Washington fighting over premiums while prices keep rising

Authored by Josh Archambault 

Washington’s recent shutdown theater over who pays for the COVID-era “extra” Affordable Care Act/Obamacare subsidies is loud and familiar—and misses the mark. The spotlight is on insurance premiums and how much will be covered by individuals versus taxpayers. But the real issue isn’t who pays for high prices, it’s why those prices are so high in the first place.

States shouldn’t wait for D.C. to “fix” healthcare. They have the power and responsibility to tackle the root causes of rising costs: opaque pricing, misaligned incentives, limited provider supply, and outdated regulations—which also happen to be some of the same  forces driving up insurance premiums. Here are a few examples of smart state policies that lower costs, expand access, and create a more competitive, patient-centered system.

Examples of Good Policy

Codify Price Transparency at All Facilities

Federal rules require price transparency, but those rules could be weakened or repealed. States should lock in transparency by requiring that both cash and insured rates be publicly available at all times.

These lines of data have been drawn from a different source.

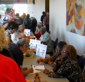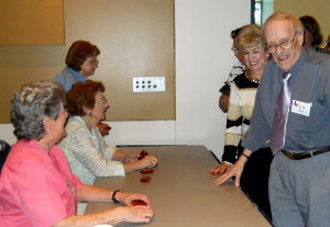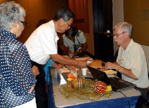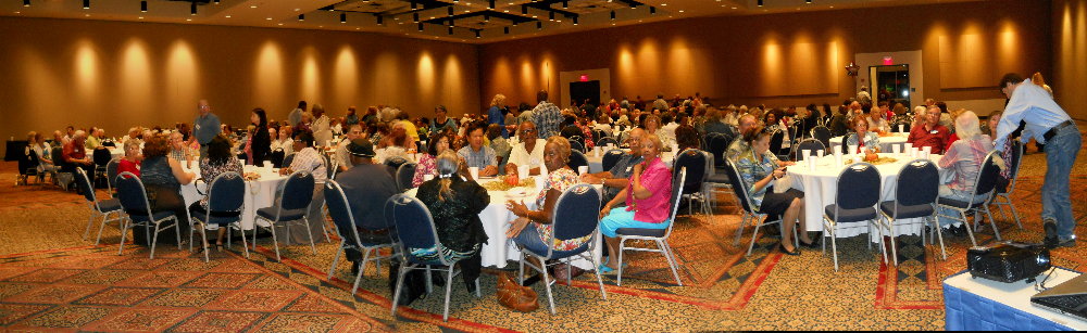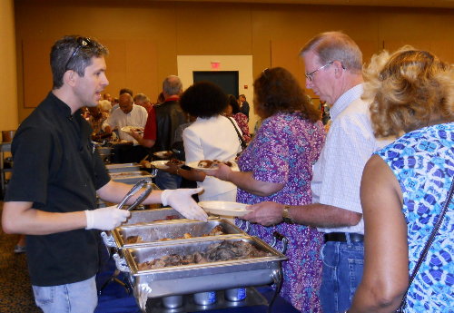 TI retirees and their spouses/guests celebrated the 24th annual TI sponsored BBQ event at the Stafford Convention Center on September 12th. The new venue was needed due to the closing of TI building #1. Stafford Centre was bright and airy with easy access from the parking lot to the large dining area. Mary Brown and Lucy Salas worked with Donna Manderscheid (TI HR) and the Stafford Convention Center to arrange the menu, tables, and the other logistics needed to make the event the enjoyable evening we could all enjoy. Thanks again to all the TIHAA board members who organized the event again. Special thanks to Daryl Moss for the hours spent generating the list of invitees from the list of TI retirees and hosting (with Brenda) the “envelope stuffing” party. Over 1000 invitations were mailed out to retirees in the Houston area. As the 266 guests arrived they were given a name tag, a key chain with LED light, and a raffle ticket for gift cards to be drawn later. When the guests were seated Mary Brown welcomed the guests pointing out the drinks available and describing the 2 serving lines. ![]() Treasurer Gary Luckett invited guests to visit the back tables with flyers showing TIHAA activities and pick up a membership
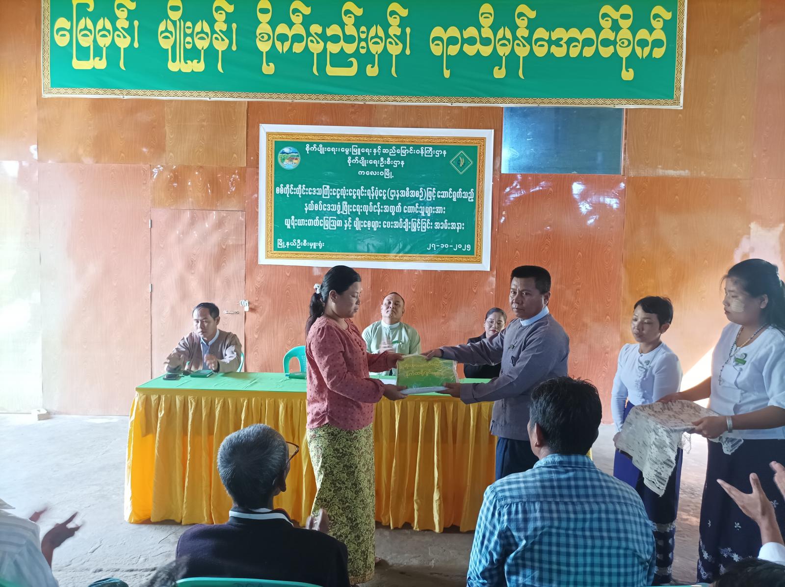 ထိုနောက် မြို့နယ်အဆင့်ဌာနဆိုင်ရာအကြီးအကဲများက တောင်သူများအား ယူရီးယားဓာတ်မြေသြဇာနှင့် မျိုးစေ့များကိုပေးအပ်ခဲ့သည်။ အခမ်းအနားသို့ မြို့နယ်စီမံခန့်ခွဲရေးနှင့်အုပ်ချုပ်ရေးကော်မတီဥက္ကဋ္ဌနှင့် အဖွဲ့ဝင်များ၊ မြို့နယ်အဆင့်ဌာနဆိုင်ရာအကြီးအကဲများ၊ ဒေသခံတောင်သူများ စုစုပေါင်း ၅၀ ဦးခန့် တက်ရောက်ခဲ့ကြောင်း သိရသည်။
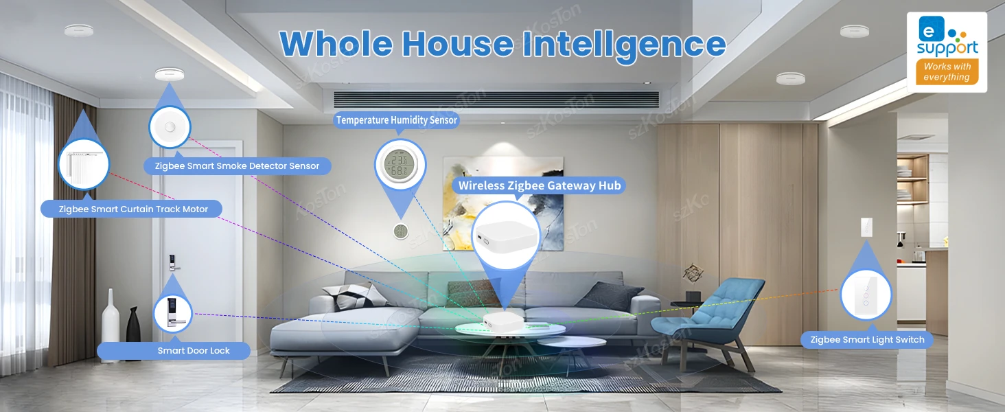 3. Red inalámbrica estable y confiable: la señal ZigBee cubre una amplia gama de áreas que son lo suficientemente estables y confiables para el trabajo normal de cualquier dispositivo conectado al concentrador.Szkoston
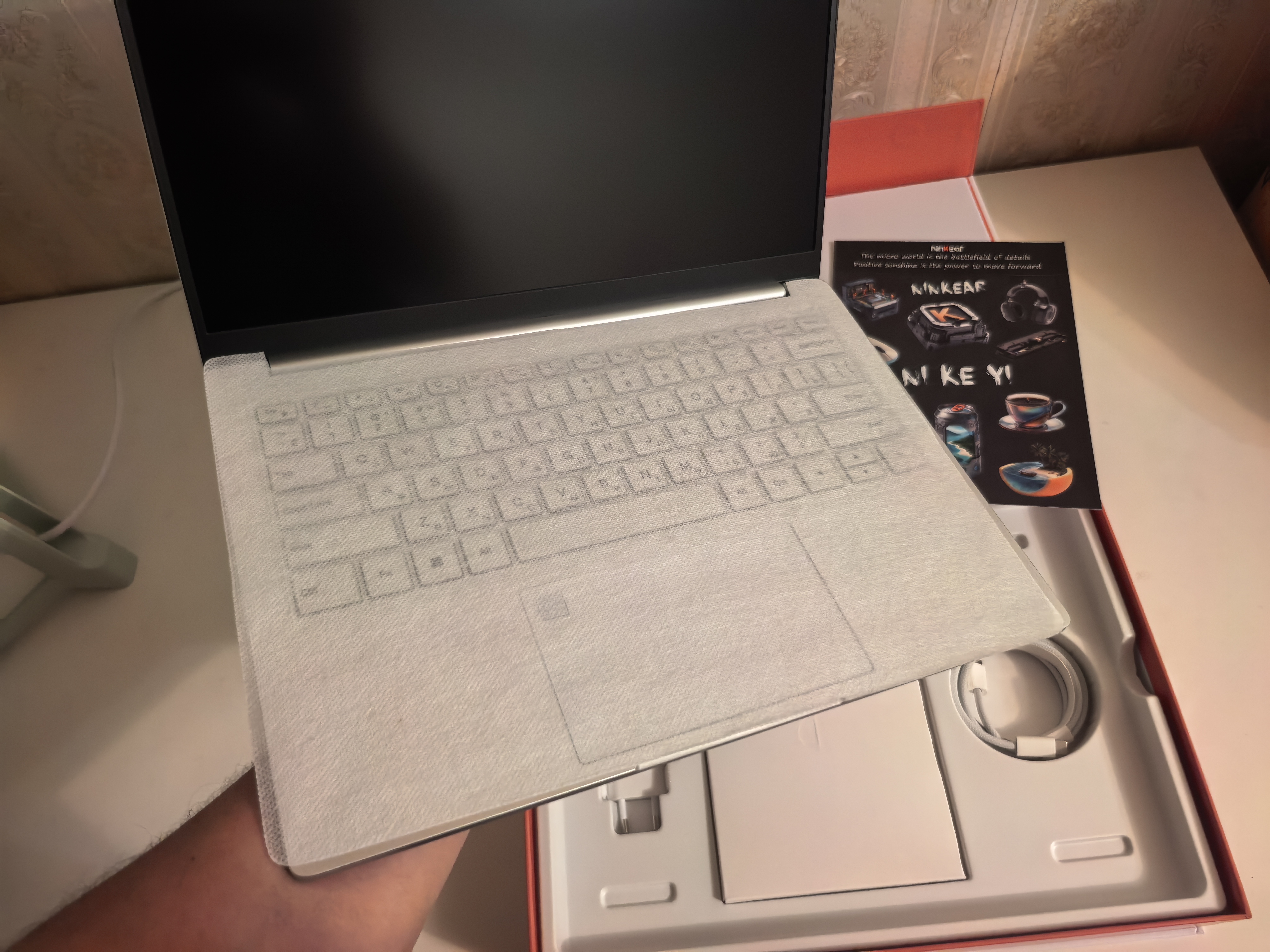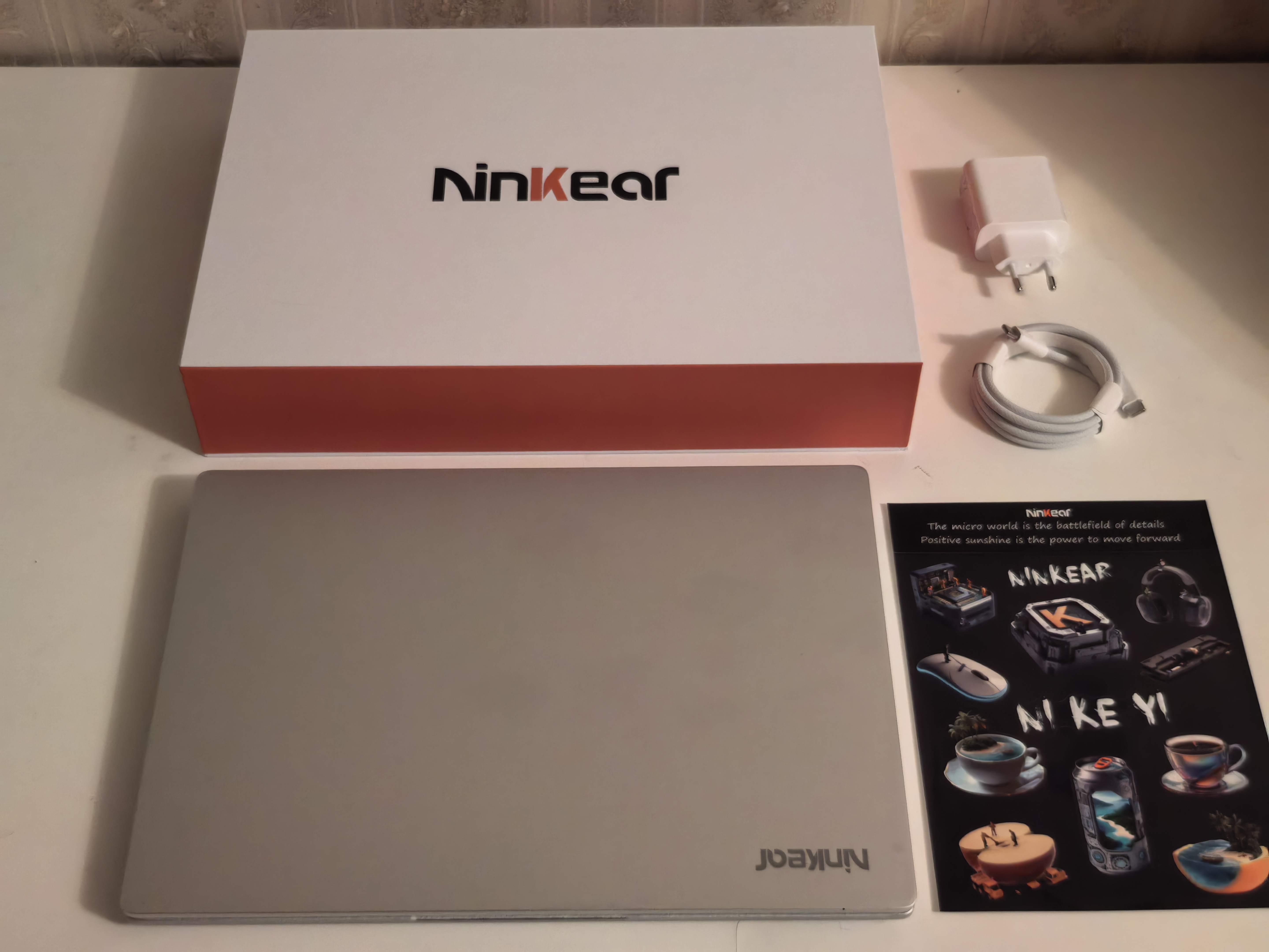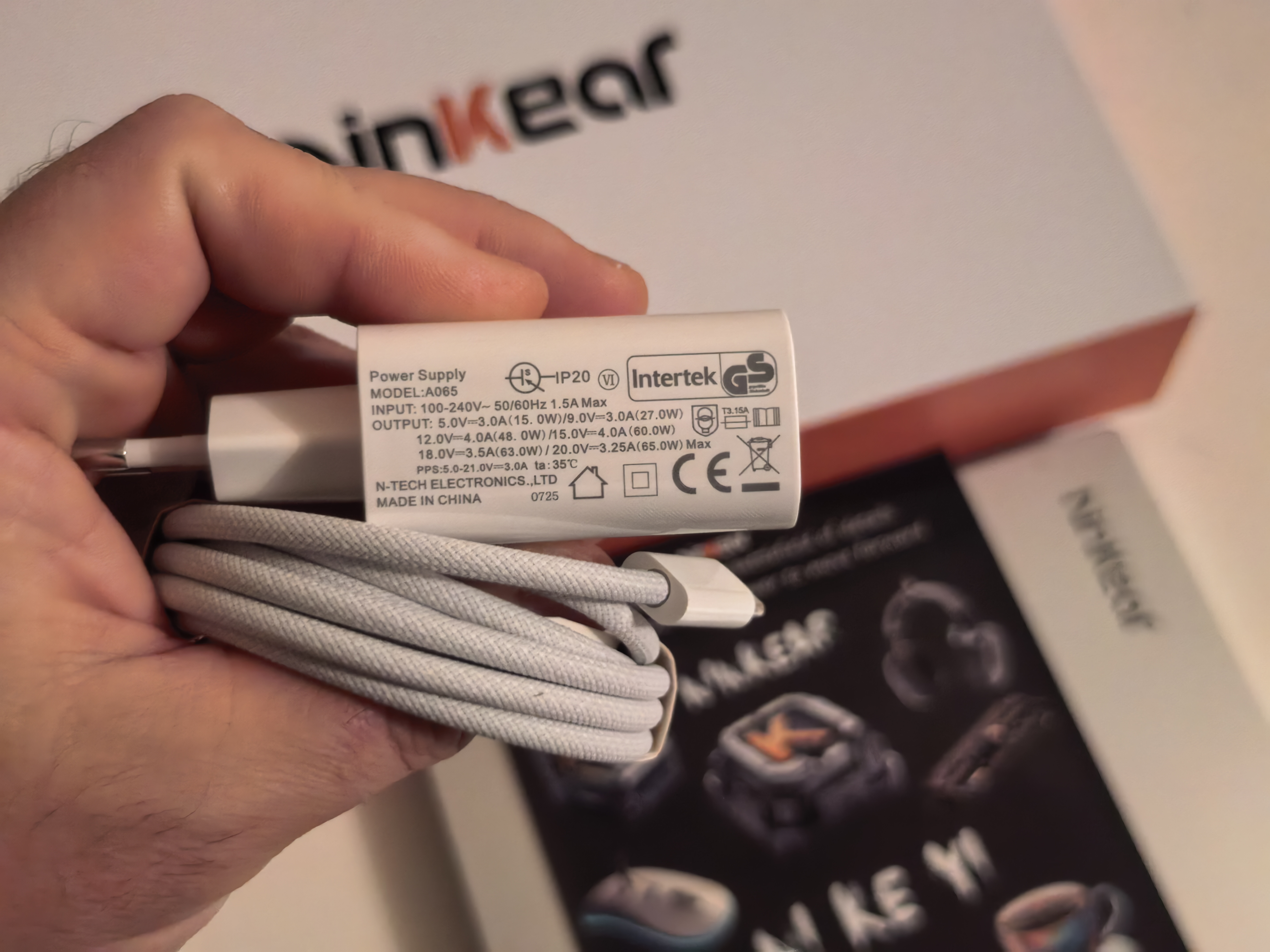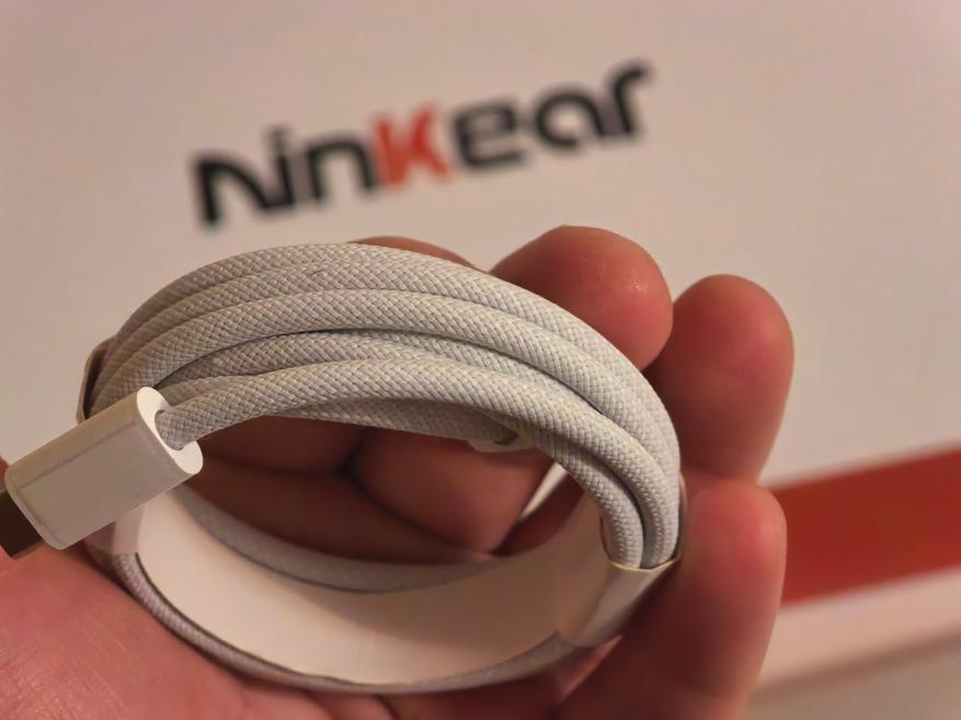 Внутри упаковки есть зарядный блок на 65Вт, плетеный кабель USB-C USB-C для заряда, ноутбук и наклейки Ninkear. Как сказал ранее, есть еще подарочные коврик и мышка.

Not every patient will shop, but many want to—and employers need this data to negotiate better deals. Transparent pricing holds systems accountable for both cost and quality, and voters overwhelmingly support it.

Stop Penalizing Patients Who Pay Lower Cash Rates

Cash prices are often lower than insurer-negotiated rates because they’re paid upfront. States should require insurers to count these payments toward patients’ deductibles, even if the provider is out-of-network. This empowers patients to shop for value and bypass network restrictions that inflate costs. States such as Arizona, Indiana, Maine, Nebraska, Oklahoma, Oregon, Tennessee, and Texas have already moved in this direction.

Reward Patients and Providers Who Deliver Ethical Prices

If a patient chooses a lower-cost provider, they should share in the savings. Shared savings programs—already used for public employees in several states—can be expanded to all non-emergency services, in or out of network. States like Iowa have introduced strong bills, but entrenched interests have fought hard to block them.

Leverage the Skills of All Providers

We don’t have enough providers to meet demand. States should revisit scope-of-practice laws (which determine what providers you can see for what kinds of care) and allow providers to work at the top of their license. That includes letting pharmacists diagnose and prescribe, and allowing nurse practitioners to practice independently. States that have done so have increased access and lowered costs. States should also streamline the path for highly trained international physicians to practice in the U.S.

Expand Access Through Telehealth

COVID prompted major telehealth reforms, but huge gaps remain. Few states offer streamlined, cross-state registration for providers. States, like Florida, that have seen a surge of helpful behavioral health providers, especially counselors and social workers, are a good example. This is a game-changer for rural areas and mental health deserts.

Examples of Bad Policy

Unfortunately, not all “reforms” result in better outcomes or less expensive options. Below are two examples from the telehealth policy arena.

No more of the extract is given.